In the first chapter, Emerson argues that nature is never ‘used up’ when the right mind examines it: it is a source of boundless curiosity. No man can own the landscape: it belongs, if it belongs to anyone at all, to ‘the poet’. Emerson argues that when a man returns to nature he can rediscover his lost youth, that wide-eyed innocence he had when he went among nature as a boy.

Emerson states that when he goes among nature, he becomes a ‘transparent eyeball’ because he sees nature but is himself nothing: he has been absorbed or subsumed into nature and, because God made nature, God himself. He feels a deep kinship and communion with all of nature. He acknowledges that our view of nature depends on our own mood, and that the natural world reflects the mood we are feeling at the time.

In the second chapter, Emerson focuses on ‘commodity’: the name he gives to all of the advantages which our senses owe to nature. Emerson draws a parallel with the ‘useful arts’ which have built houses and steamships and whole towns: these are the man-made equivalents of the natural world, in that both nature and the ‘arts’ are designed to provide benefit and use to mankind.

The third chapter then turns to ‘beauty’, and the beauty of nature comprises several aspects, which Emerson outlines. First, the beauty of nature is a restorative : seeing the sky when we emerge from a day’s work can restore us to ourselves and make us happy again. The human eye is the best ‘artist’ because it perceives and appreciates this beauty so keenly. Even the countryside in winter possesses its own beauty.

The second aspect of beauty Emerson considers is the spiritual element. Great actions in history are often accompanied by a beautiful backdrop provided by nature. The third aspect in which nature should be viewed is its value to the human intellect . Nature can help to inspire people to create and invent new things. Everything in nature is a representation of a universal harmony and perfection, something greater than itself.

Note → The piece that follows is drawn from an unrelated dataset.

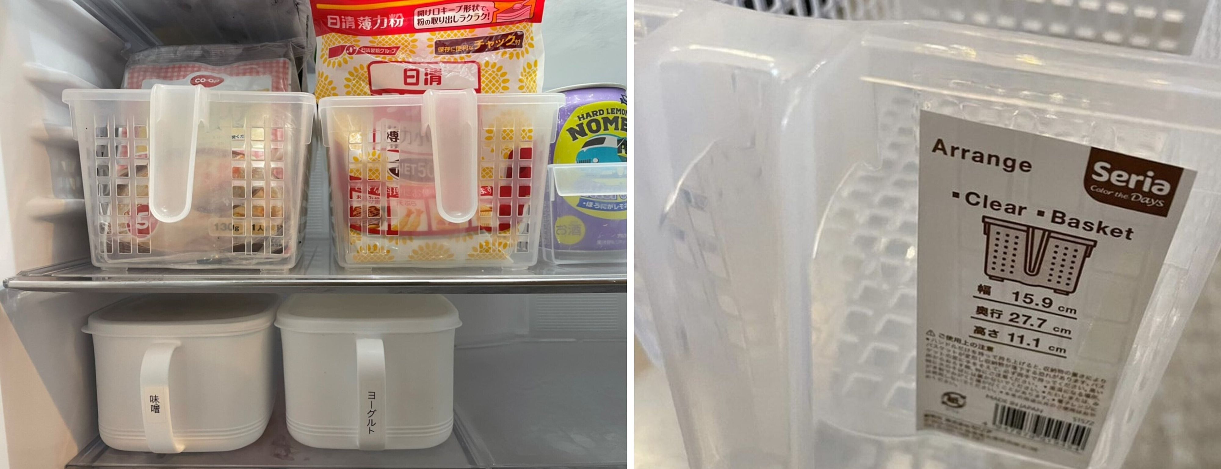 浅型なので冷蔵庫のタテ空間を有効に使いたいときに便利な、セリアの「アレンジメッシュ浅型(クリア色)」(幅17 ×奥行24×高さ7cm)。

In his fourth chapter, Emerson considers the relationship between nature and language. Our language is often a reflection of some natural state: for instance, the word right literally means ‘straight’, while wrong originally denoted something ‘twisted’. But we also turn to nature when we wish to use language to reflect a ‘spiritual fact’: for example, that a lamb symbolises innocence, or a fox represents cunning. Language represents nature, therefore, and nature in turn represents some spiritual truth.

Emerson argues that ‘the whole of nature is a metaphor of the human mind.’ Many great principles of the physical world are also ethical or moral axioms: for example, ‘the whole is greater than its part’.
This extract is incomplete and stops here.